German industrial output dropped by more than even the most pessimistic of forecasts in May, adding to a run of negative indicators that point to a sharp slowdown in Europe's largest economy. In seasonally adjusted terms, output fell by 2.4 percent on the month, the Economy Ministry said on Monday. A Reuters poll had pointed to a 0.4 percent rise. Forecasts ranged between a 1.1-percent fall and a 1.4-percent rise.
"These are alarmingly weak numbers," said HSBC Trinkaus analyst Stefan Schilbe.

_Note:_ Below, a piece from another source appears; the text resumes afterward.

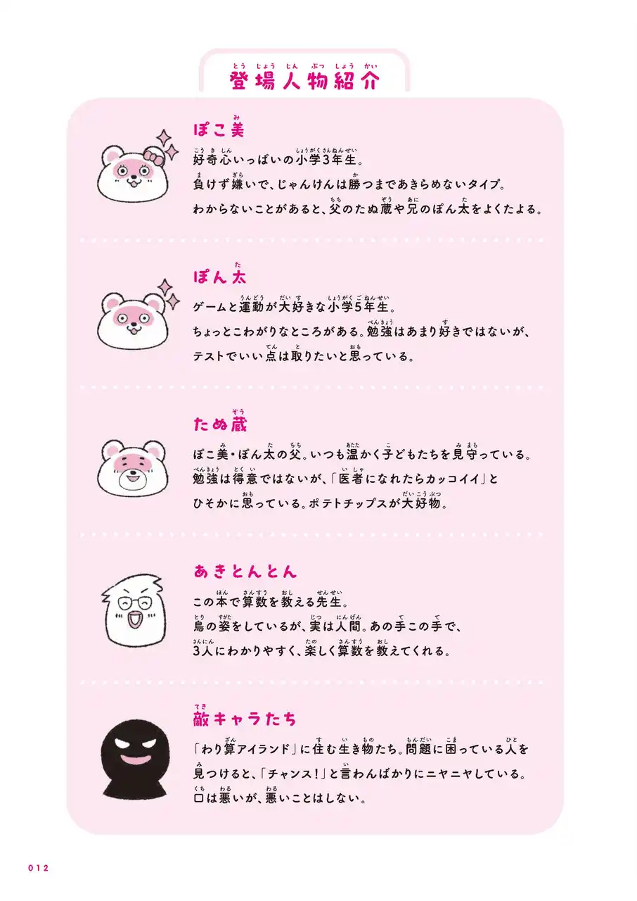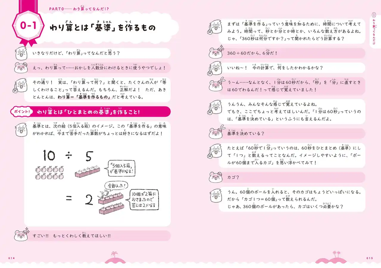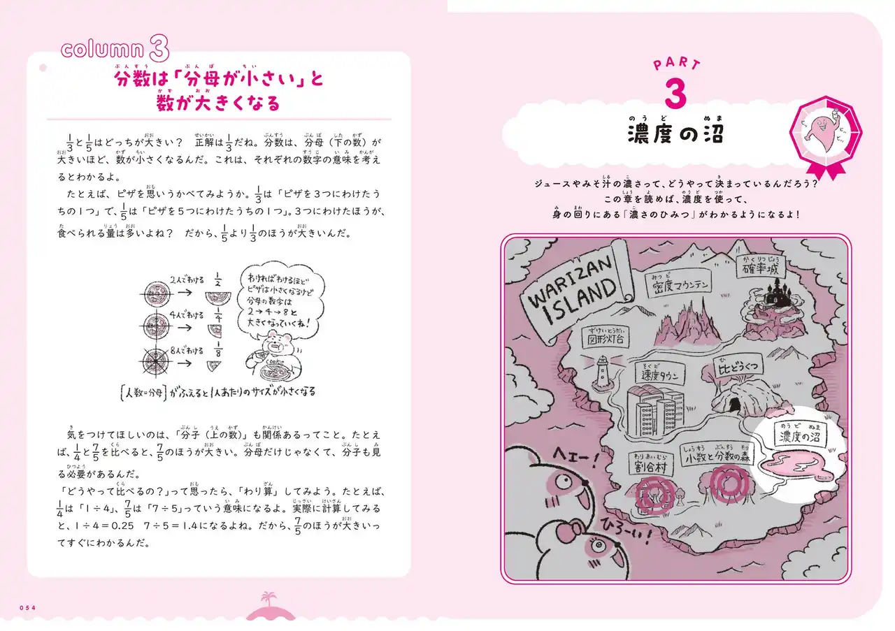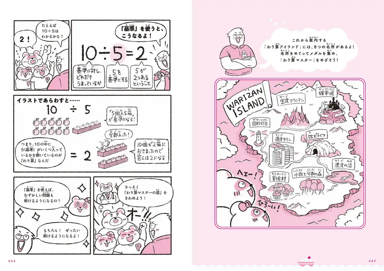 | 本書の中では、あきとんとん氏が鳥の姿をした先生となって登場。ぽこ美、ぽん太兄妹とともに、読者を「わり算アイランド」への冒険に誘います。「割合村」「小数と分数の森」「密度マウンテン」など、テーマごとに分かれた8つの名所を巡ってメダルを集めることで、算数の重要概念が自然と身につく構成となっています。キャラクターたちの対話形式で展開していくので、ゲームを攻略するような感覚で、楽しく、飽きることなく読み進めることができるのも本書ならではの特長です。 | |||||||

The weak output figures chimed with other recent economic indicators which have pointed to a slowdown in the German economy after it grew 1.5 percent on the quarter in the first three months of 2008, its strongest expansion since 1996. "This clearly adds to the evidence that German GDP growth will slow sharply from Q1's sharp 1.5 percent gain - an outright fall seems increasingly likely," said Jennifer McKeown, European economist at Capital Economics.
May's fall was marked by 3.9 percent drop in output of capital goods - the engineering goods German has a reputation for producing to a high standards. Strong foreign demand for capital goods has helped Germany be the world's largest exporter of goods since 2003. For years, foreign trade has been a key engine of growth, but a global slowdown now threatens to stall that driver.